昨日、春一番が吹いたそうです。言われてみれば、「あれがそうかいな」くらいの感じのものでしたが。もっとも、そうは言いましても、確かに、放課後、「面接」の練習をしている時に、窓がカタカタ鳴っていましたっけ…。しかも、「面接」の練習が終わって、まだ7時半は過ぎていなかったと思いますが、二人で話しながら、窓を閉めようと窓に手をかけた時、そのガタガタ鳴っていた窓ガラスの向こうから、呼びかけるような声が聞こえて来たではありませんか…。
二人で、「えっ」「えっ」でした。思わず、顔を見合わせ、「ねえ、声がした…?」「したよねえ」。それで、窓を開けて見てみると、なんと、この日、面接試験(終わって、直ぐに「もうだめです」と連絡してきたのですが)から戻ってきて、「もうだめだぁ」を連発しながら帰っていったはずの学生が、ニコニコしながら立っているではありませんか。
思わず「どうしたの」。「へへへへへへ…。まだ、先生がいるかなと思ってね」と満面の笑み…う~ん。まだ、遊んでもらう気でいるな…。面接の練習が終わった学生が、「先生は年なんだから、もうだめ」と言わでものことを言いながら、(彼女の)背中を押すようにして、帰っていってくれましたが、全く仲のいいこと。
この人達の「クラス」では、一人が日本で趣味や関心事を見つけると、それがいつの間にか、クラスのみんなに伝染してしまい、皆の共通の趣味や関心事になってしまっていたのです。情報を自然に共有し、それを共に楽しめるわけですから、ますます知りたいと思い、知識は話し合うことによって定着していきます。今は、「冬季オリンピック」の折りでもあり、関心事は「男女のフィギュア」。この「フィギュア」一色に染まっていますが、こういうことは、これだけには限りません。一人が、歌を歌っていると、その歌が自然にみんなの耳に親しんでしまい、他の誰かが同じように口ずさんでいるといった具合なのです。

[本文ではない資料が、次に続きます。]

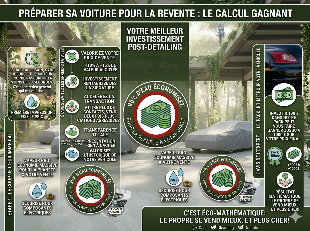 Valorisez votre prix de vente : Une voiture préparée professionnellement se vend en moyenne 10 % à 15 % plus cher. Le coût d'un pack de detailing est ainsi largement rentabilisé dès la signature de l'acte de vente.
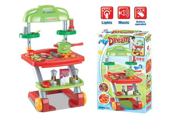 A nyári konyha mindent tartalmaz, amire szükség van az igazi grill partihoz. A csomagban található egy nyári konyha grillel és főzőlappal, fazék fedéllel, teászkészlet, evőeszköz, élelmiszer és fűszer másolatok, és sok más, amire a sikeres grillezéshez szükség van. Ráadásul a konyha
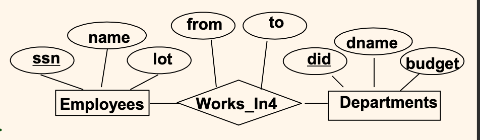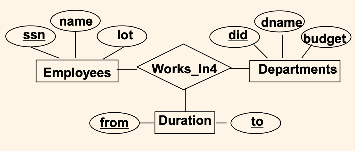 이때 Works_In4 관계는 이 직원이 언제부터 언제까지 일했는지 일한 기간도 속성으로 갖고 있다.
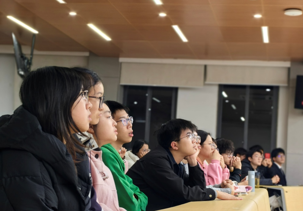 同学们围绕科研训练、学科交叉与行业发展等话题踊跃问,王栋老师逐一回应并与在场师生深入交流,现场气氛活跃有序。

こうなると、「クラス」という集合体のメリットが生きてきます。一人が知り得る量も幅も決まっていますが、それが、二人になると、知識は二倍もなり、また、三人になると、三倍にも四倍にも跳ね上がってきます。教師の側はそれを後押ししてやればいいだけなのです。クラス経営は、「見ていればいいだけ」になります。

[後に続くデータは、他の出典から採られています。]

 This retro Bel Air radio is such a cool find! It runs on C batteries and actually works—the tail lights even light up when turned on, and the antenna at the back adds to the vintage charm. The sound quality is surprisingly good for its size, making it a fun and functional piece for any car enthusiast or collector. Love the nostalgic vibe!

つまり、私たちの仕事は、彼らの関心の方向を時折チェックし、もし、問題点が見つかれば、軌道修正し、あるいは必要があれば(知識を)追加していく。それだけになるのです。彼らは現在、日本語のレベルは、だいたい中学生ほどにはなりました。ただし、知識面はまだまだです。深浅は高校生レベルではまだまだ語れません。専門分野を持っているわけではありませんから。けれども、本当に幅が狭いのです。これでは、新しい知識を得ても、楽しめるレベルまでは行けないでしょう。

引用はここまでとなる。